Friday, 28 January 2011

That's what friends are for

It's nice to know that, in a world so full of change, there are some things we can always rely on. Toast will always fall butter side down, Katie Price will accuse the 'haters' of creating her negative media persona, and Rupert Everett will always blame Hollywood homophobia for his stalled career.

It doesn't seem to matter, in his mind at least, that his once-handsome face is now so frozen it's only missing a lolly stick. Or that in a world of 'chameleonic' performers, he seems to have a pigmentation disorder.

In a recent interview with the BBC, he was quick to point the finger at the conservative powers-that-be, for his short-lived tenure in tinseltown. But his is something of a revisionist approach to history, since he seems less willing to admit his own failings, particularly in terms of role selection. Anyone willing to work on Inspector Gadget and Dunston Checks In is hardly panning for gold when reading new scripts.

Everett's time in the spotlight came after his breakout role in My Best Friend's Wedding, where he played the 'other' best friend of Julia Roberts. Full of catty put-downs, curt monologues and impromptu karaoke moments, Rupert's performance effectively established the template for a generation of safely sexless gays, that could be dropped into any romantic comedy to show the heroine's impecable taste and grounded sense of perspective.

OK, so at least we've moved on from the sissies of the fifties and sixties, or the psycho-queens of the seventies and eighties. But a stereotype is still a stereotype. And it simply creates a new set of preconceptions that modern gay men have to battle every day.

The gay man is now an indispensable accessory, always on hand to give fashion or dating advice, and dance suggestively whenever their gal-pal's heart gets bruised.
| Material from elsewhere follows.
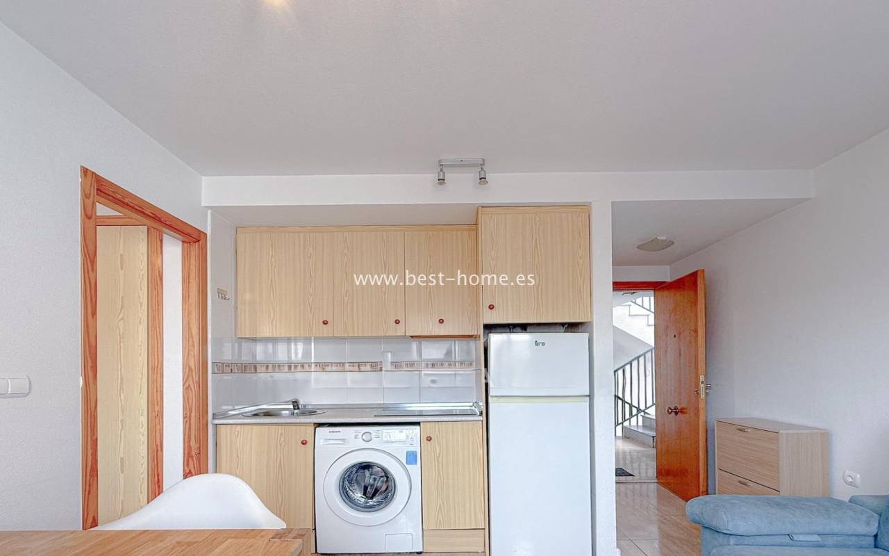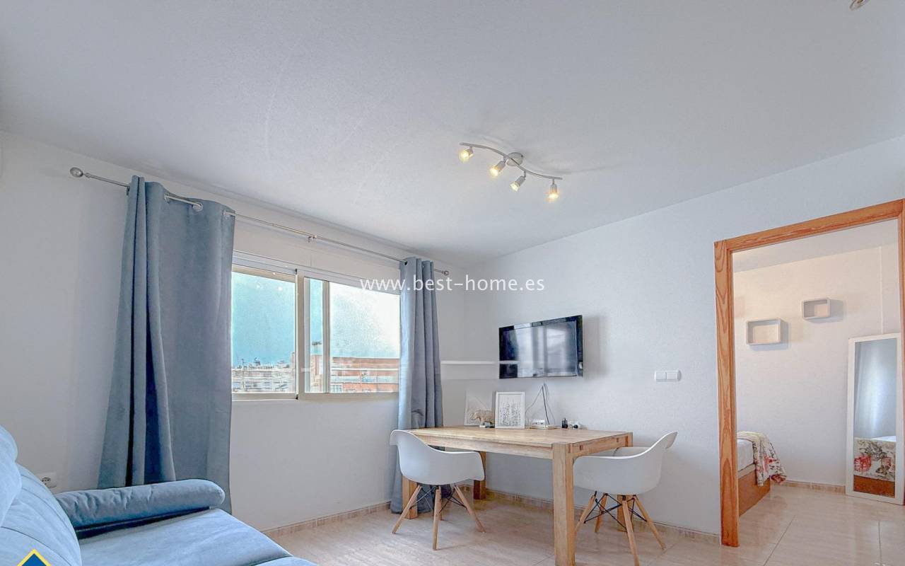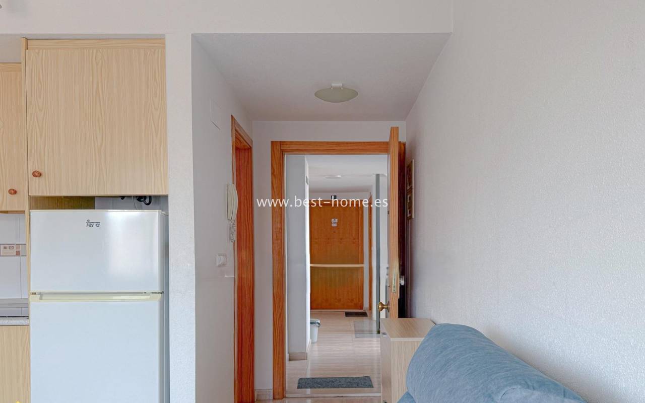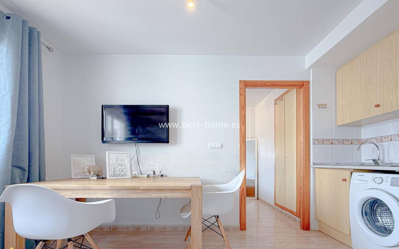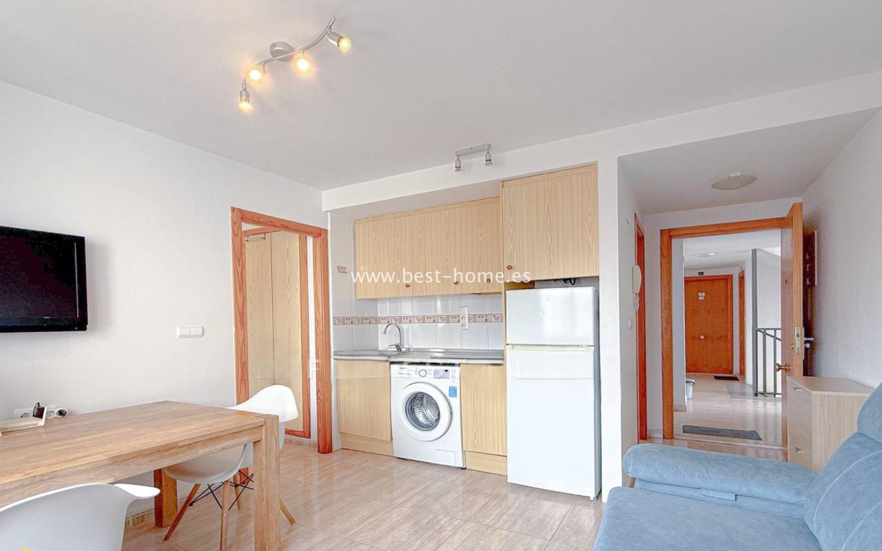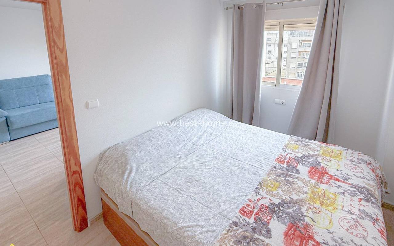 This 4th-floor apartment is located close to the city center and features a community pool. It features a living room with an open-plan kitchen equipped with appliances, a double bedroom with a built-in wardrobe, and a bathroom. The complex also boasts a residents' swimming pool. Nearby, you'll find a park, numerous shops, bars, cafes, and restauran

We've been relegated to the human equivalent of the Sony AIBO, but with immaculate hair and great shoes.

Thanks to the rom-com GBF, countless gay men have been forced into a kind of indentured servitude - spending their days holding coats outside changing rooms, ordering Flirtinis when they'd rather have a beer, and inventing scandalous stories about their exploits to amuse gaggles of vicarious thrill-seekers.

Even tougher than all that forced lasciviousness, is the need to be ready with a biting quip or sassy put-down, like the Joan Rivers Greek chorus. The fact is, not all "the best ones are gay". There are bad dancers, tedious bores, and terrible dressers. That's the nature of diversity, uncomfortable though it may be to admit.
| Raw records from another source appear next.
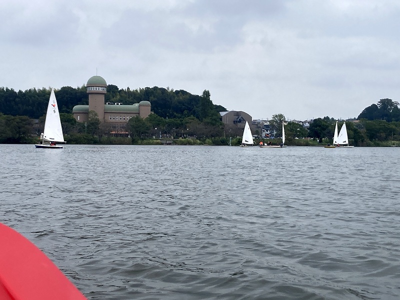 出艇場所の手前でティンギーの練習を見学させてもらいました。みんなどんどん東に行くな〜とおもったら、こっちが流されてただけでしたね(笑)ティンギーはホイッスルに合わせてターンしたりしてた気がする。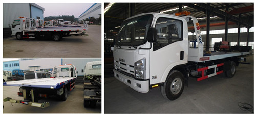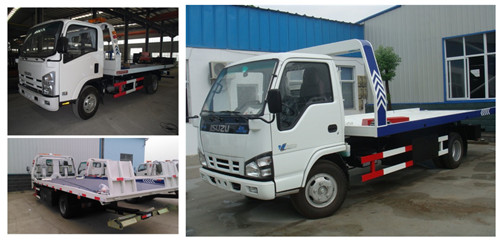 國五慶鈴五十鈴一拖二清障車上裝配置: 4噸上裝,雙側聯(lián)動操作,后托臂拖舉2噸,平板4噸卷揚.有花紋板及壓制板可選.板長5600x2300mm,配輔助小車一套. 黃色電子警燈.四根捆綁帶.
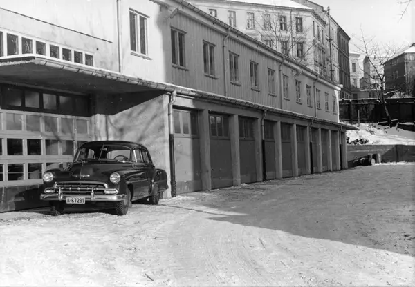 Garasje- og lagerbygning i Holbergsgate 1, Oslo, 1955. Foto fra byggearbeider foretatt ved J. L. Tiedemanns Tobaksfabrik fra sommeren 1951 frem til høsten 1955. Bil av typen Chevrolet 1952.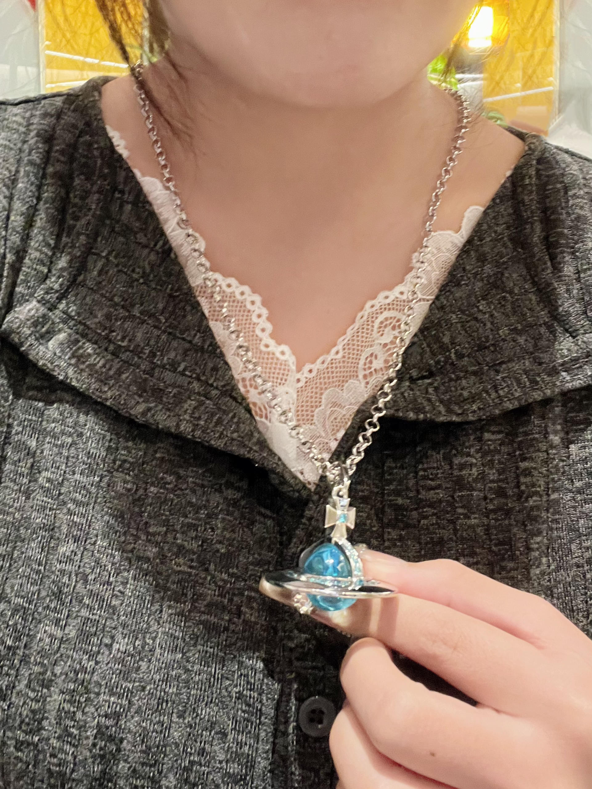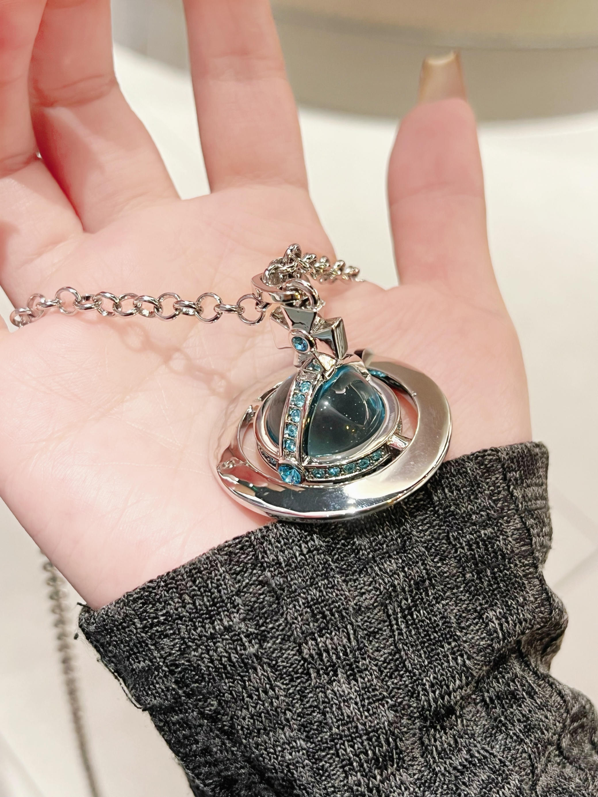 我的年度喜爱配饰加一💫 我感觉我很喜欢这样清透感满满的蓝色 感觉很治愈💕 西太后的这个项链我选的大号,会比我想象中的大 链长也会长一点~ 但是这样的项链来搭毛衣或者卫衣会比较好看 搭出不同感觉,你们会怎么搭呢?开来评论区讨论叭👀

This week, stand-up comedian, actor and author Patton Oswalt talked to Conan O'Brien about a recent audition for a Kate Hudson romantic comedy. Incensed by the script's somewhat cliche characterisation, Oswalt offered to portray the "first dumb gay best friend". He didn't get the gig.

Screenwriters may think that they're doing their bit to normalise homosexuality by including these two-dimensional characters in every film. But you're not increasing visibility if all you're creating is a mirage.

1 comment:

  1. i've known some people who are so convinced by this "every girl needs a GBF" stuff that the moment they realise a bloke is gay, they start squealing "ooh, you can be my gay best friend! let's go shopping!" totally without irony, even if they've only just met the guy.